FIG. 2 is an image diagram of a surface layer of the diaphragm 1.
In FIG. 2, each element is exaggerated from an actual size in order
to clarify a relationship between the pulp 20, the cellulose
nanofiber 21, and the mica 22, but actually, as illustrated in FIG.
3, a thickness of the base material 10 is 0.2 mm or more and 0.3 mm
or less on average, and a thickness of the mixed layer 11 is 0.02
mm or more and 0.04 mm on average, which is about 10% of the
thickness of the base material 10. In FIG. 3, in order to make it
easy to identify the mixed layer 11 of the base material 10, the
pulp 20 of the base material 10 is not stained but only the
cellulose nanofiber 21 is stained with black.

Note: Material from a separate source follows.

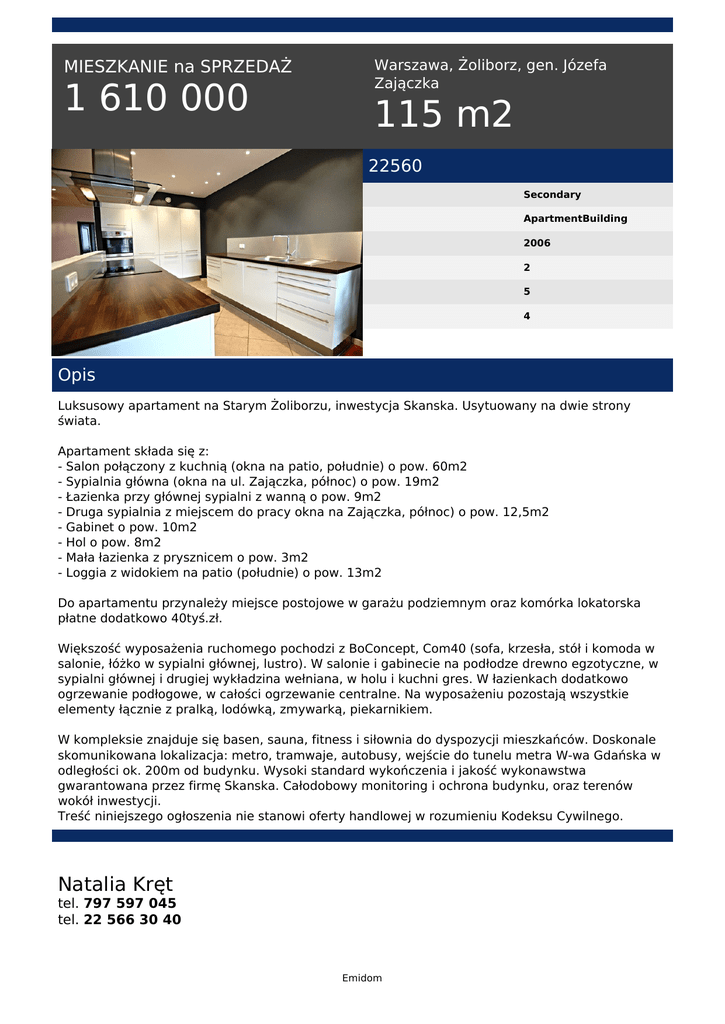 MIESZKANIE na SPRZEDAŻ 1 610 000 Warszawa, Żoliborz, gen. Józefa Zajączka 115 m2 22560 Secondary ApartmentBuilding 2006 2 5 4 Opis Luksusowy apartament na Starym Żoliborzu, inwestycja Skanska. Usytuowany na dwie strony świata. Apartament składa się z: - Salon połączony z kuchnią (okna na patio, południe) o pow. 60m2 - Sypialnia główna (okna na ul. Zajączka, północ) o pow. 19m2 - Łazienka przy głównej sypialni z wanną o pow. 9m2 - Druga sypialnia z miejscem do pracy okna na Zajączka, północ) o pow. 12,5m2 - Gabinet o pow. 10m2 - Hol o pow. 8m2 - Mała łazienka z prysznicem o pow. 3m2 - Loggia z widokiem na patio (południe) o pow. 13m2 Do apartamentu przynależy miejsce postojowe w garażu podziemnym oraz komórka lokatorska płatne dodatkowo 40tyś.zł. Większość wyposażenia ruchomego pochodzi z BoConcept, Com40 (sofa, krzesła, stół i komoda w salonie, łóżko w sypialni głównej, lustro). W salonie i gabinecie na podłodze drewno egzotyczne, w sypialni głównej i drugiej wykładzina wełniana, w holu i kuchni gres. W łazienkach dodatkowo ogrzewanie podłogowe, w całości ogrzewanie centralne. Na wyposażeniu pozostają wszystkie elementy łącznie z pralką, lodówką, zmywarką, piekarnikiem. W kompleksie znajduje się basen, sauna, fitness i siłownia do dyspozycji mieszkańców. Doskonale skomunikowana lokalizacja: metro, tramwaje, autobusy, wejście do tunelu metra W-wa Gdańska w odległości ok. 200m od budynku. Wysoki standard wykończenia i jakość wykonawstwa gwarantowana przez firmę Skanska. Całodobowy monitoring i ochrona budynku, oraz terenów wokół inwestycji. Treść niniejszego ogłoszenia nie stanowi oferty handlowej w rozumieniu Kodeksu Cywilnego. Natalia Kręt tel. 797 597 045 tel. 22 566 30 40 Emidom email: [email protected] Emidom Powered by TCPDF (www.tcpdf.org)

As illustrated in FIGS. 4A to 4C and 5A to 5C, the cellulose
nanofibers 21 are deposited over an entire surface of the base
material 10, and the mica 22 is scattered therein. As illustrated
in FIGS. 4B, 4C. 5B, and 5C, the cellulose nanofibers 21 are
deposited on the surface of the mica 22, and the surface of the
mica 22 is covered with the cellulose nanofibers 21. Further, a gap
between the pulps 20 on the surface of the base material 10 is
covered with the mica 22 and the cellulose nanofiber 21.
The mixed layer 11 may be formed by spraying a suspension
containing the mica 22 and the cellulose nanofiber 21 onto the
surface (the other surface) of the base material 10 by, for
example, a spray coating method while suctioning and dehydrating
the base material 10 which is subjected to papermaking from a back
surface (one surface) side thereof, so as to permeate (infiltrate)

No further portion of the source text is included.